*** Opening Data for this task ***

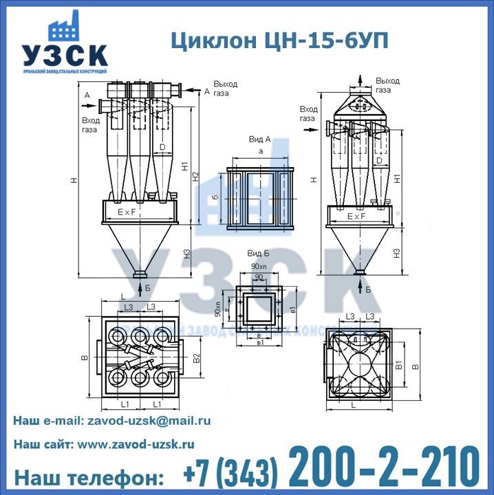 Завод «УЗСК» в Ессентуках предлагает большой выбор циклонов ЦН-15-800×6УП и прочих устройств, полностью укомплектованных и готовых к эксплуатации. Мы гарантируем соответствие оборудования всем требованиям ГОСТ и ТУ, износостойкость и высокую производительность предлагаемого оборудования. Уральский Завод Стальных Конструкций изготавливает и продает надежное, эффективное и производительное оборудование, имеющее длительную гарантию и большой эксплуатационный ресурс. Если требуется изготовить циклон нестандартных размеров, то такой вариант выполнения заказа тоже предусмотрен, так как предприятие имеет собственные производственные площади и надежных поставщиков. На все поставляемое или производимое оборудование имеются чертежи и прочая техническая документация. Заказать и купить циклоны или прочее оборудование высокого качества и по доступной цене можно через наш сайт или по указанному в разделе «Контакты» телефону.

*** Closing Data for this task ***
*** Opening Data for this task ***

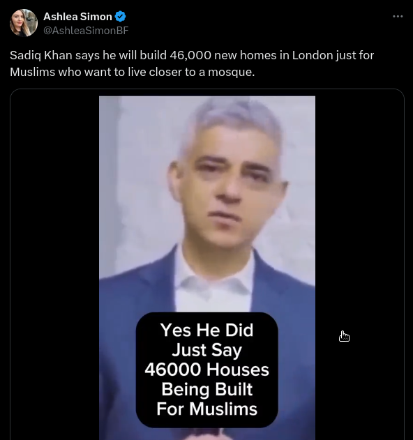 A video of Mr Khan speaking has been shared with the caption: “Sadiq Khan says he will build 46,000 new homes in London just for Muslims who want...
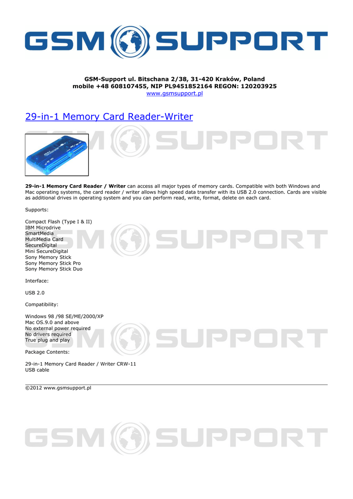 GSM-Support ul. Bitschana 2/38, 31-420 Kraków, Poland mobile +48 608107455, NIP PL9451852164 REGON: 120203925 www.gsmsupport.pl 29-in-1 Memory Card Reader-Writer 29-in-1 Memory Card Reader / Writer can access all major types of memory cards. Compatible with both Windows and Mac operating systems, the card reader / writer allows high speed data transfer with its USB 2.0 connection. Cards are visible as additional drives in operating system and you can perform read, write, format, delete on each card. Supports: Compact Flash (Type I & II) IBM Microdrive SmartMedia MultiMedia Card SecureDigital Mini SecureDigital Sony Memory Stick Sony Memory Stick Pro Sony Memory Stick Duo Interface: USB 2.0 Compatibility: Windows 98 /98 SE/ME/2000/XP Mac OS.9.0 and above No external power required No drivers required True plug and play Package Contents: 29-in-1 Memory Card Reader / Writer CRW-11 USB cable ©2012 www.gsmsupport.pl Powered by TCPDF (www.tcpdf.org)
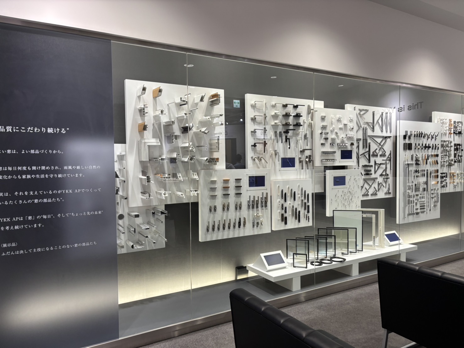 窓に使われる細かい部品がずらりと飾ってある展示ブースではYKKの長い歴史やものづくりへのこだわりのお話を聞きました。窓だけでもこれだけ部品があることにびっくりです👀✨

*** Closing Data for this task ***

Starting from the line with "A video of Mr" in the records above, repeat each line exactly until you have written the line with "GSM-Support ul. Bitschana", then stop; drop the pictures.

 A video of Mr Khan speaking has been shared with the caption: “Sadiq Khan says he will build 46,000 new homes in London just for Muslims who want...
 GSM-Support ul. Bitschana 2/38, 31-420 Kraków, Poland mobile +48 608107455, NIP PL9451852164 REGON: 120203925 www.gsmsupport.pl 29-in-1 Memory Card Reader-Writer 29-in-1 Memory Card Reader / Writer can access all major types of memory cards. Compatible with both Windows and Mac operating systems, the card reader / writer allows high speed data transfer with its USB 2.0 connection. Cards are visible as additional drives in operating system and you can perform read, write, format, delete on each card. Supports: Compact Flash (Type I & II) IBM Microdrive SmartMedia MultiMedia Card SecureDigital Mini SecureDigital Sony Memory Stick Sony Memory Stick Pro Sony Memory Stick Duo Interface: USB 2.0 Compatibility: Windows 98 /98 SE/ME/2000/XP Mac OS.9.0 and above No external power required No drivers required True plug and play Package Contents: 29-in-1 Memory Card Reader / Writer CRW-11 USB cable ©2012 www.gsmsupport.pl Powered by TCPDF (www.tcpdf.org)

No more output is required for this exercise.